You should be able to do this assignment using only the Arm Instruction Set Quick Reference Card and the following information timing extracted from the SA-1100 Developer's Manual. The "Delay Result" column indicates for how many clock cycles the next instruction must wait if it is dependent on the results of the listed instruction. The "Issue cycles" column is the number of clock cycle it takes for the processor to issue the instruction before the next instruction can be issued into the pipeline. According to the table, any instruction following a data processing instruction can issue one cycle after the data processing instruction has been issued. However, due to pipelining, a data-processing instruction that depends on the results of a load-single instruction must wait an extra cycle before getting started, as if the load instruction really takes two cycles ..

Here is the question: What clock rate would be required for an ARM based SW solution for the bright-spot cross-hairs to match the performance of our FPGA solution running on a 24MHz clock.

  1. Show the ARM assembly code for my simplified version of my bright-spot solution below. It should be written as a subroutine that returns an output pixel value given an input pixel value, the current X,Y location, the "blank" input, and the "vsynch" input.  You may use any instructions you want from the instruction set. See how much you can optimize this. If anyone in the class can beat the best solution between Theodora, Deepak and I, then we will have have Pizza in your name at the following meeting (this is easy!). You must implement my version of the bright-spot algorithm to qualify for the contest. Incidentally, there is something a little bit wrong with my implementation though it would most likely not be noticeable. Can you identify the bug?
  2. Assumptions: The call stack contains the inputs in the following order: pixel, hcnt, vcnt, blank, vsynch The return stack contains only the single output data value. Any static values needed by your subroutine should be stored in memory.
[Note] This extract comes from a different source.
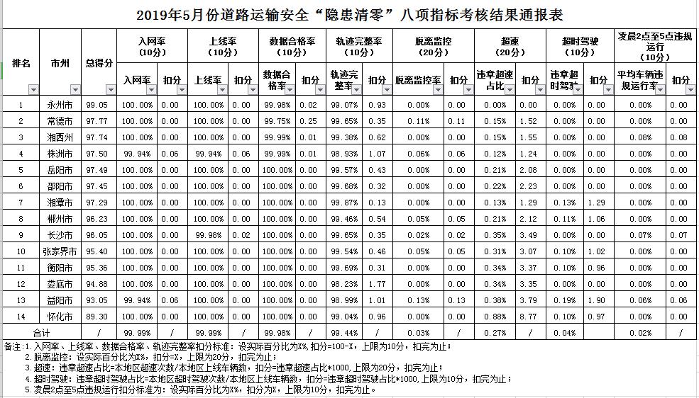 5月总体考核得分结果排名前三位的市州为永州(99.05)、常德(97. 77)、湘西(97. 74);排名后三位的市州为怀化(89. 30)、益阳(93. 05)、娄底(94. 88)。入网率除益阳(99. 94%)、株洲(99. 94%)以外,其余市州均达到100%。上线率除株洲(99. 94%)、 长沙(99. 98%) 以外,其余市州均达到100%。数据合格率除常德(99.75%)、永州(99.98%)、株洲(99. 99%)、湘西(99. 99%)以外,其余市州均达到100%。轨迹完整率排名前三位的市州为湘潭(99. 87%)、衡阳(99. 69%)、邵阳(99. 68%);排名后三位的市州为娄底(98.23%)、 株洲(98.93%)、 益阳(98. 99%)。脱离监控率,娄底、怀化、永州、湘西、岳阳、邵阳、衡阳、湘潭等8个市州无重点营运车辆脱离监控记录;排名后三位的市州为益阳(0.13%)、常德(0. 11%)、株洲(0. 06%)。超速得分排名前三位的市州为永州(20. 00)、株洲(18.76)、湘潭(18.71);排名后三位的市州为怀化(11.23)、益阳(16.21)、长沙(16. 51)。超时驾驶除益阳(8.10)、 湘潭(8. 71)、郴州(8.94)、张家界(8.98)、怀化(9. 03)、衡阳(9. 04)以外,其余市州均为满分10分。凌晨2点至5点违规运行率除湘西(0. 08%)、长沙(0.07%)、 益阳(0. 06%)以外,其余市州均无重点营运车辆违规运行记录。

You can make up labels for those locations.
  3. How many clock cycles are needed for execution of your subroutine?
  4. What clock rate is needed to compete with the FPGA solution (one data output for each 24MHz clock cycle).
  5. Lite Option: If you are really pressed for time, you can write a psuedo-assembly code version of this routine and give me a 1/cycle per instruction estimate for the answer above. 

/************** My Version of Bright-Spot ****************************/

module bright (HCNT, VCNT, PIXEL, FILTERED, BLANK, CLOCK, VSYNCH ;
input         BLANK, CLOCK, VSYNCH;
input   [7:0] PIXEL ;
input   [7:0] HCNT, VCNT;
output  [7:0] FILTERED;

reg [7:0] ACC, MAX, V, PV, H, PH;
reg [7:0] p1, p2, p3;
reg synch;

assign FILTERED = BLANK ? 0 : (((PV==VCNT)||(PH==HCNT)) ? 255: PIXEL);

always @(posedge CLOCK) synch <= VSYNCH;

always @(posedge CLOCK) begin;
      ACC <= (PIXEL>>2)+(p1>>2)+(p2>>2)+(p3>>2);
      p1  <= PIXEL;
      p2  <= p1;
      p3  <= p2;
end

always @(posedge CLOCK) begin
      if (VSYNCH && !synch) begin // synch pulse is passed (just do this once/frame)
            MAX <= 0;
            PV <= V;
            PH <= H;
      end else if ((ACC > MAX) && !BLANK) begin
            MAX <= ACC;
            V <= VCNT;
            H <= HCNT;
      end
end

endmodule       

 

More Background Stuff

Your might want to familiarize yourself with the following documents, but don't worry about it too much. We will step you through the tools. For now, it is important to learn about the processor. We will get to the development board an tools in lecture.

Once you register with ARM at this link, you can download the Arm Instruction Set Quick Reference Card From ARM's website. You have to register to get access to this. If you don't want to register, let me know and I will e-mail you the document. You can get most of the instruction set information from the ARM SDT User's Guide as well.